After losing her son, Edward Gili, last year at just nine days old after he contracted group B Strep infection at birth, Fiona Paddon started a Change.org petition, calling for health secretary Jeremy Hunt to provide pregnant women with tests for Group B Strep (GBS) to prevent the avoidable deaths of newborn babies.
Starting on 1 July 2015, the petition has struck a chord and people have signed in their thousands. Just ten days later, there were almost 130,000 signatures.
“It just doesn’t make sense – a potentially deadly infection, which kills a baby a week, which could be easily identified and prevented and the approach is to, what, leave it to guess work and chance?

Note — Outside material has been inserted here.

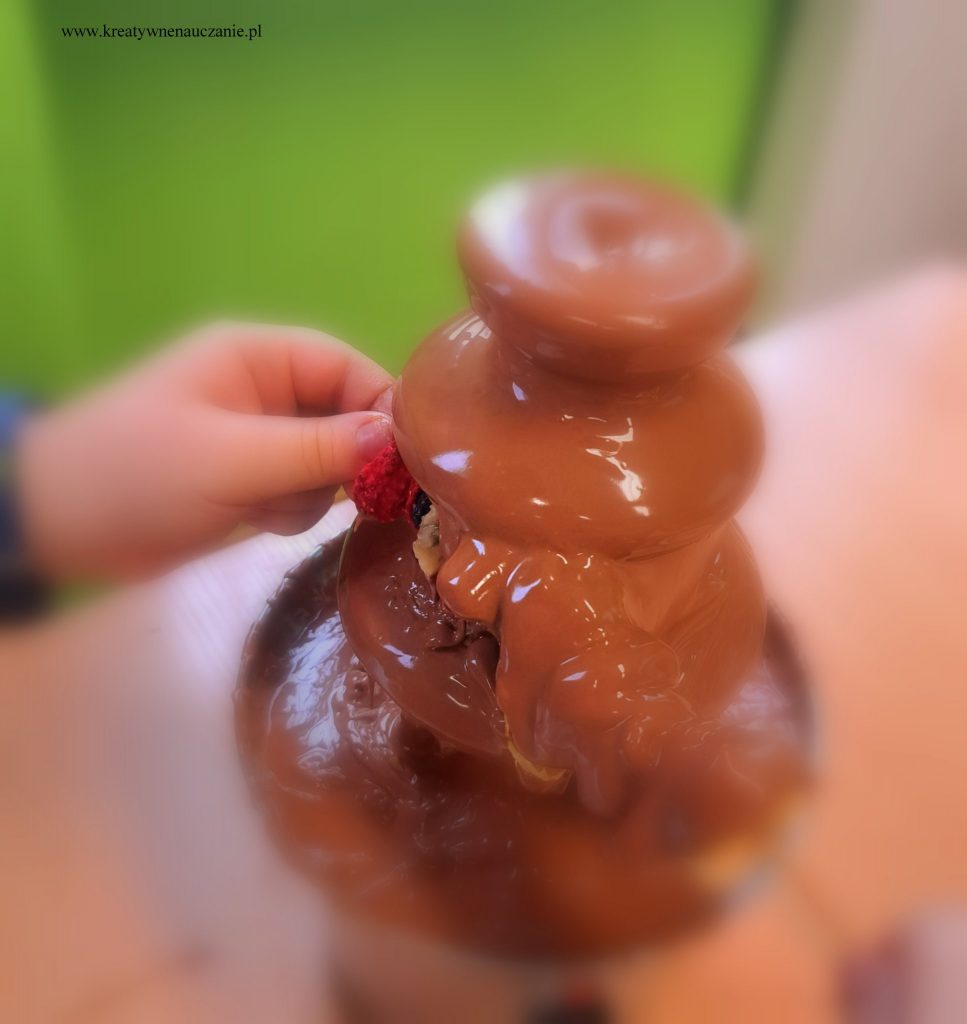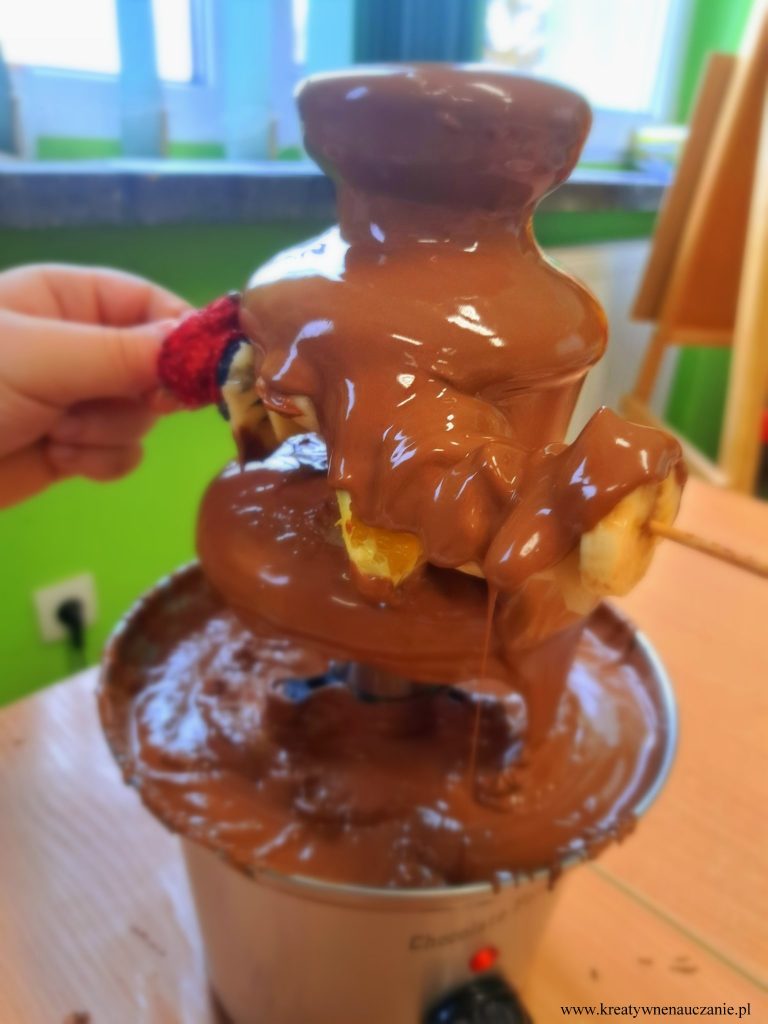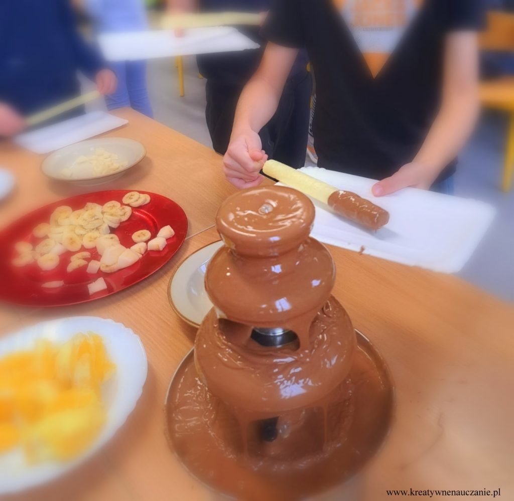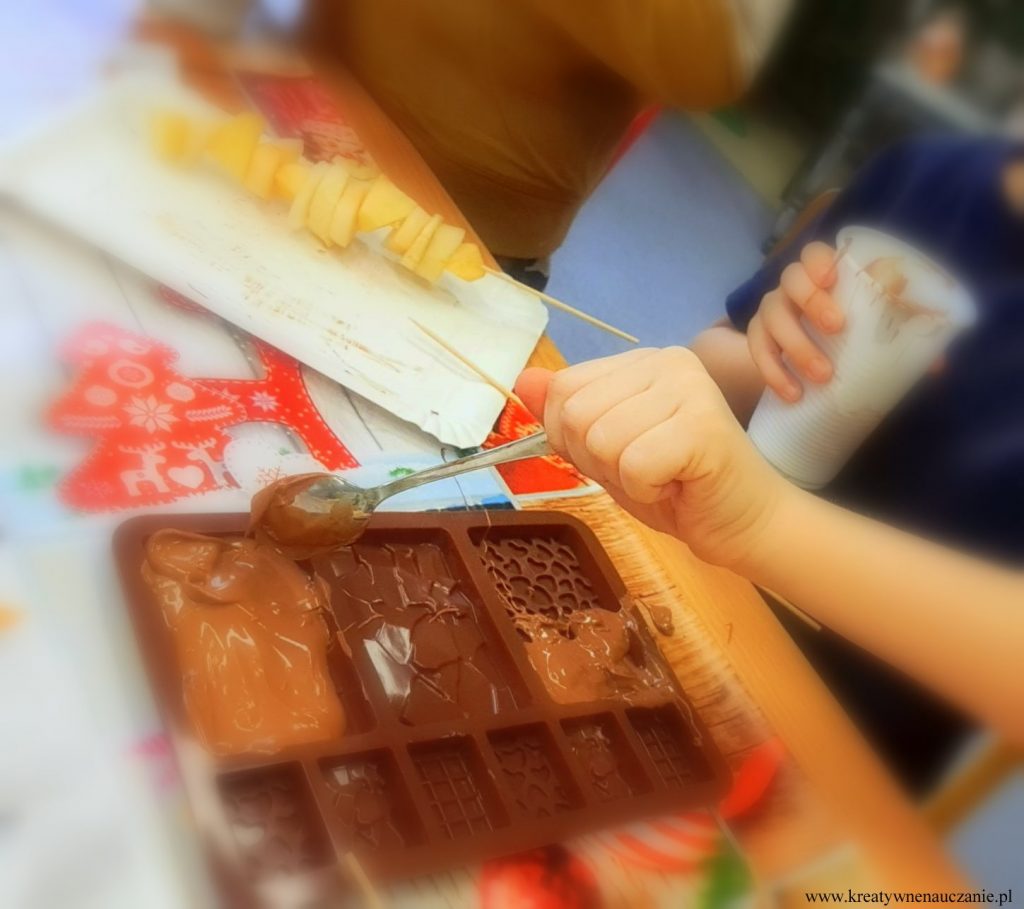 W ubiegłą środę miałam przyjemność poprowadzić warsztaty czekoladowe dla moich pierwszoklasistów. Dzieci dowiedziały się jak powstaje czekolada. Miały możliwość powąchania i spróbowania ziaren kakaowca. Samodzielnie kroili gruszki i jabłka, obierali pomarańcze, z których wykonali koreczki. Degustowali też suszone truskawki i maliny. Komponowali tabliczki czekolady według własnego pomysłu. Na koniec wspólnie tańczyli do piosenki “Czekolada”. Działo się!

That is nowhere near good enough, in fact for me, it’s indefensible.” says Fiona.
Jane Plumb MBE, chief executive of Group B Strep Support, said, “Making GBS-specific tests available will reduce death, disability and trauma caused by these infections in newborn babies.
“The human cost of these avoidable infections is immense. Accurate testing would mean that doctors and midwives could stop guessing which Mums are carrying GBS and start testing. This would have the added benefit of enabling them to accurately target antibiotics to the Mums of babies most at risk.

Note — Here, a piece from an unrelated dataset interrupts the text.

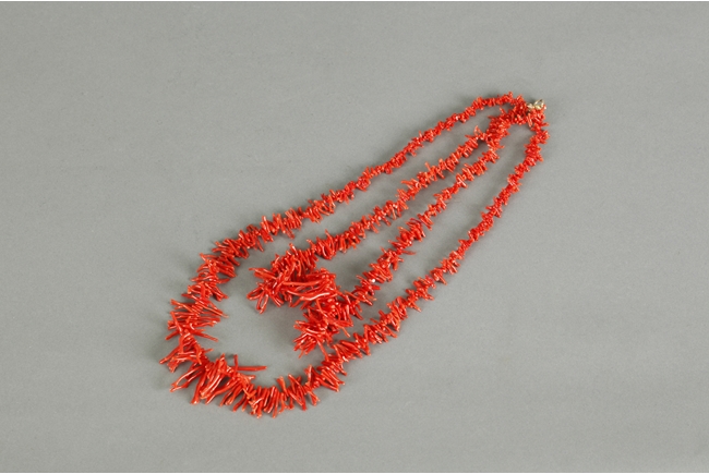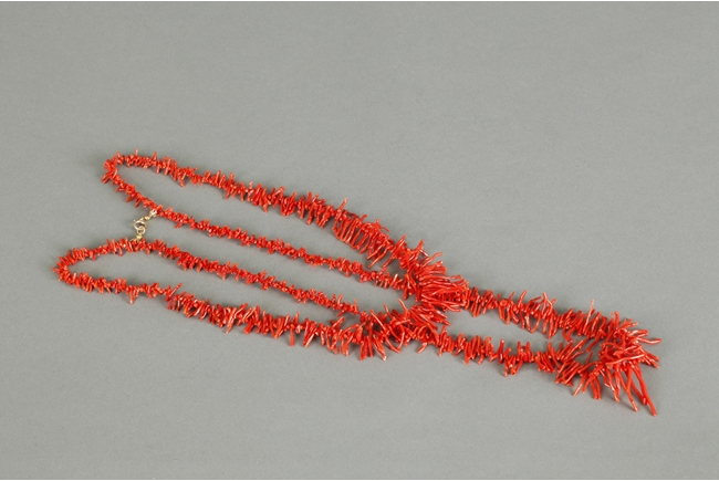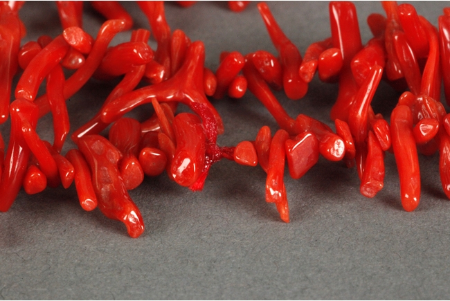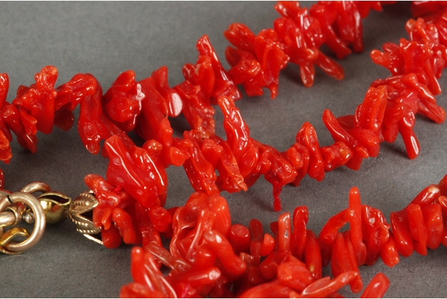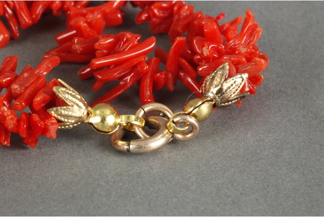 The coral necklace has two layers and is stranded with branch shaped coral, ranging from short to long.

“Other developed countries have shown over decades that routinely testing pregnant women for GBS, and giving carriers antibiotics in labour, is both safe and effective. Early results from a project at Northwick Park Hospital in London show that testing is possible, popular and highly successful in a complex setting.
“Women want to be tested and health professionals are frequently doing so already but with a poor test – over half of UK maternity units test some or all pregnant women – but use a test that misses up to half of all carriers.
“Why is the ‘gold standard’ test not available? We need to stop guessing and start testing.”